Лето утонуло в суде, где по понедельникам, средам и пятницам разворачивалось представление с элементами правосудия. Три дня в неделю нам скармливали ненависть, цинизм и подлость пополам с протухшей законностью под соусом беспристрастия. За шесть процессуальных часов ты, словно губка, наполняешься потом и желчью, отплевываясь ими, стоит лишь покинуть суд. Больше всех доставалось матушке, которая неотступно не пропускала ни одного заседания. Поэтому до дома мы старались ехать молча, освобождаясь от душевной дряни в стойком молчании.

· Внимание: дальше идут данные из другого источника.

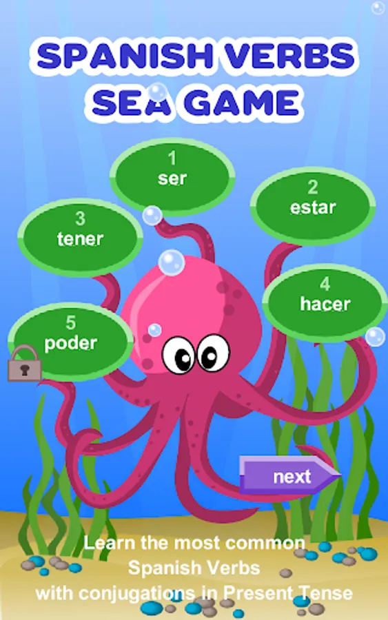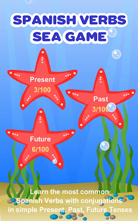 With our Spanish Verbs Sea Game you will learn the most common Spanish verbs with their conjugations in simple Present, Past and Future Tenses.
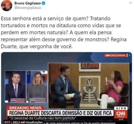 Bruno Gagliasso utilizou as redes sociais para falar sobre a entrevista que sua colega de profissão, a atriz e agora Ministra da Cultura Regina Duarte concedeu ao canal de TV fechado CNN nesta quinta-feira (7).

С каждым днем исход суда заботил меня все меньше. Больше беспокоили постоянные отсрочки развязки. В будущее старался не заглядывать, пытаясь ускользать от выбора между страхом и обольщением. Заботило, пожалуй, только одно — как разбавить крепость компота, чашу с которым, возможно, придется глотать до дна. Благо, все рецепты впрок нарисовала мне тюрьма.
Кристине по весне исполнилось двадцать один. Она была немного похожа на куклу. Порой, казалось, что девушка специально эксплуатировала этот образ. Красивая, статная, с высокой грудью. Длинные белые волосы изящно сыпались на плечи. Губы, слегка припухшие, покрывали неуверенность улыбки фальшивой дерзостью. А играющий прищур слегка раскосого взгляда вдохновлял глубиной и прозрачностью. Единственное, что приглушало в ней женственность, — неестественный глянцевый лоск и нескромность нарядов. Но сей недостаток запросто списывался на возраст, в котором одни уже переигрывают роль девочек, а другие еще не справляются с образом женщины.